Some Tips to Help You Learn The Basics
You can’t learn without some investment in time and maybe a little bit of expense. Here are some tips for practicing your Spanish
- Think of your environment and exactly how and where you want to communicate ahead of time. For example- If you are going grocery shopping- write down the words for the vegetables and fruits you would want. Or the cuts of meat in Spanish you would want to ask for.
- When you’re visiting restaurants, practice ordering your meal. Practice asking for another drink or how to remove something from your plate.
- If you live at the beach or in the city. Some unique nouns and verbs will be very relevant. Example: Living at the beach, I would want to know the words for beach, sand, waves, beach umbrella, lounge chair, etc. Those won’t help me much in a big city in the mountains.
- How about verbs for swimming, surfing, and fishing?
While online classes are great, you’ll spend a good amount of time learning things you won’t use daily. That’s why I recommend always carrying a pad and pen with you. And when you learn a new word, write it down. If you’re more comfortable writing it on your cellphone, that’s fine too. But I find that things get buried in our cell phones. So pen and paper are always better.
If you want to be able to communicate at the most basic level, just be patient. More will come with time.
For example, you’ll be exchanging a lot of cash in Mexico. So make it a point to listen to what is being said.

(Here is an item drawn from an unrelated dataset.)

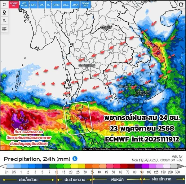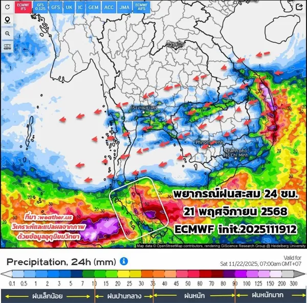 - พยากรณ์อากาศวันนี้ 20 พฤศจิกายน 2568 อากาศเย็นอุณหภูมิลด ใต้ฝนตกหนัก!

And take some time to learn to count from 1 – 20, count by tens, count by hundreds, and thousands.
Learn the days of the week. The basic colors. Pronouns like I, you, he, she, they, and we.
Learn the basic directions for up, down, go the left, to the right, behind, ahead, and stop here.
I promise if you spend at least a few hours a week learning and studying, you’ll be able to master at least these important phrases.
But it does take time. Don’t get discouraged. One day, out of nowhere, you’ll suddenly feel more comfortable, and you’ll be talking almost all in Spanish. And the whole point is to be able to actually speak with the local Mexicans. To really understand Spanish by talking to your neighbors, servers, taxi drivers, and shopkeepers.
And let’s not forget. You also want to know what is being said to you, right? And in real life. Not the slow cadence and speech of your Spanish teacher or fellow students.
A few other terms or phrases you should take some time to learn because they are important to the locals and how you are treated are:
Where are you from? De donde eres?
How is your family? Como esta tu familia?
What time is it? Que hora es?
Where is… ? En donde esta …. ?
Don’t Beat Yourself Up If You’re Not Great Right Away!
And don’t worry! In the beginning, you won’t understand all the answers when you ask these questions. In fact, in some cases, you might not even know how to respond when someone answers. Don’t get discouraged. The goal here is to engage and get a conversation going.
You might think, “ I’m sure, I’ve mispronounced a word or two.” “ Wrong tense?” Doesn’t matter! You have started a conversation, and you’re learning. Don’t let your own thoughts stop you from the desire to be able to communicate.
Because the goal is to not only exist in Mexico but actually to enjoy living in Mexico! And learning the local language will reward you tenfold. Even if you’re not fluent.